The only company you have is the automated announcer voice - a script so long you counted it a year until it started looping over, filled with the tinny, cheerful jingle of so many companies with their own special messages, half of which have gone bankrupt and gone away - and the little banners on the top of the train car, all peeling off and revealing the layers of paper covered up underneath. At some point they stopped replacing them.

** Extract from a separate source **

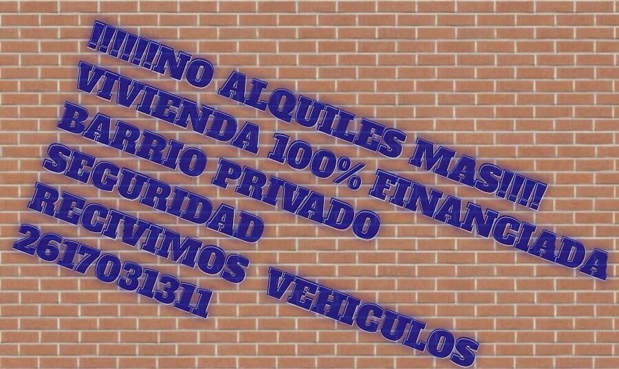 Deja de alquilar!!!! Plan habitacional 100% financiadoBarrio privado en la primavera guaymallen.Recibimos vehiculos!!2617031311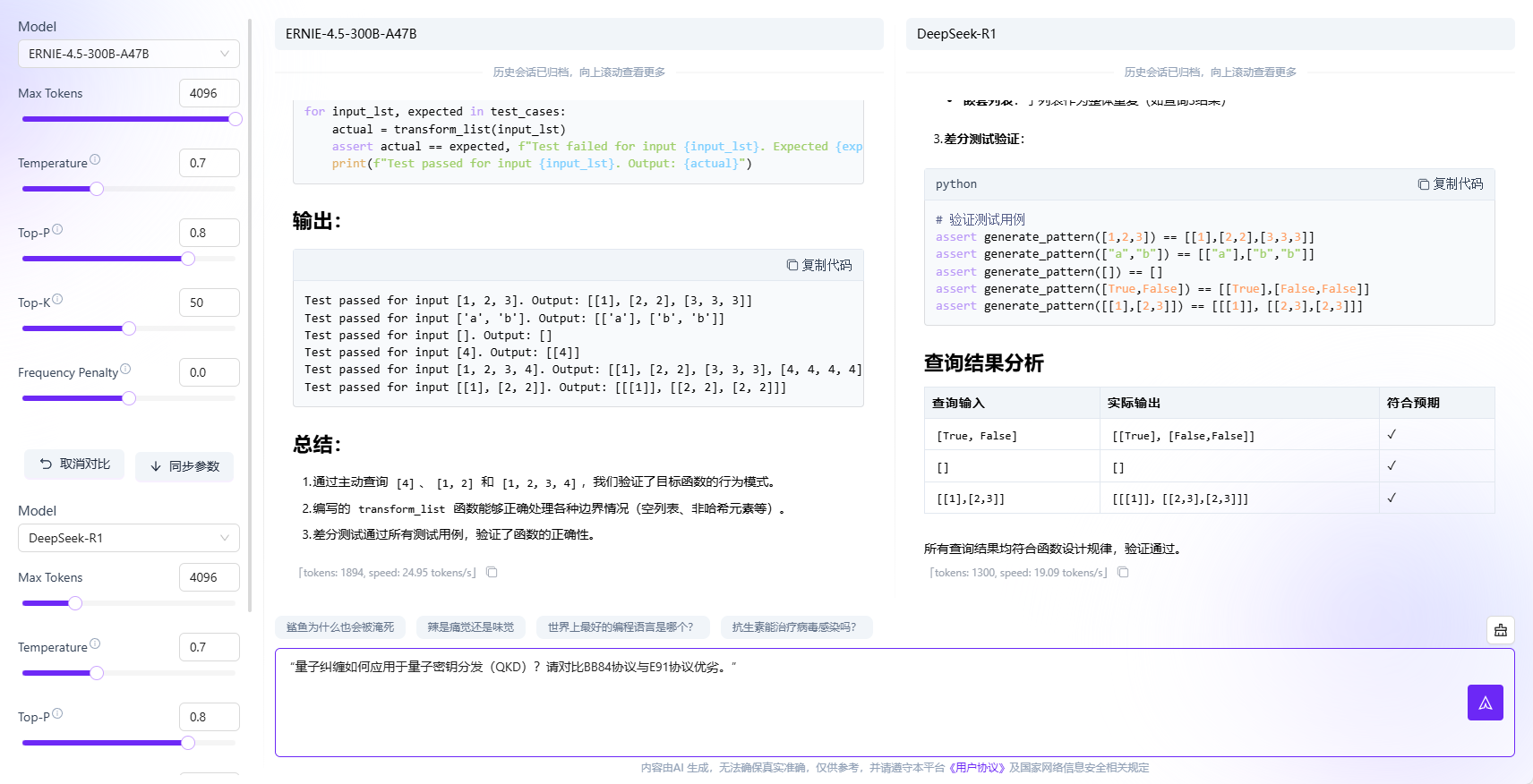 通过这个经典问题的对比,我们可以看到ERNIE-4.5-VL-424B-A47B能准确归纳出“第i个元素重复i+1次”规律,主动查询设计合理,无明显逻辑矛盾,边界情况(空列表、非哈希元素)有处理,代码实现详细,注释充分,差分测试覆盖多种情况。逻辑推理能力和代码实现比较优秀,甚至比之前大火的deepSeek R1模型对于该推理题的回答还要优秀不少。

Ladies and gentlemen, please move all the way to the middle of the train.

In fact, at some point the city stopped replacing itself. A cursory walk along the entertainment district, once the foremost in the galaxy, would reveal the messy guts of pipes and wires sticking out from the ground and walls, radon signs that once glowed bright falling away in the darkness, old convenience stores boarded up with debris scattered on the front plaza.

They didn't realize that a city needs its people to remember it, to take it in, to live within it. Without it, all that's left are old bones, and a system running itself over and over and over again until somewhere in the line the machine breaks, bit by bit, and are replaced by overgrowth. Maybe the people will fade away too.

If you have any questions or concerns about your customer experience, contact the main offices.

You emerge from your little cocoon of light to the soft glow of streetlamps painting the worn street surfaces. The sky is starless. The buildings are like the feet of looming gods long since mummified, a quiet veil gently cast from above. As you pass under the streetlamps, they flicker, and fizzle, and burn out.

You reach home as sun rises, and the city begins to move again. Sooner or later, you think, there won't be any more city left. Just a backdrop, just a haze of fog where people move from one place to another and back again, never looking up at how strange and beautiful the sky is. You never realized how big it was until you checked.

And the subway drives further and further, rumbling the ground beneath the endless night. And the city is a rough sleeper, all people that walk among its structures by day while living through uneasy dreams by darkness, never waiting to be seen, never waiting to be remembered. And the people turn into urban ghosts haunting a fading crystalline microcosm of reality, making careful to leave no trace or imprint until they bleed back down into the city's metal veins.

You have arrived at your final destination.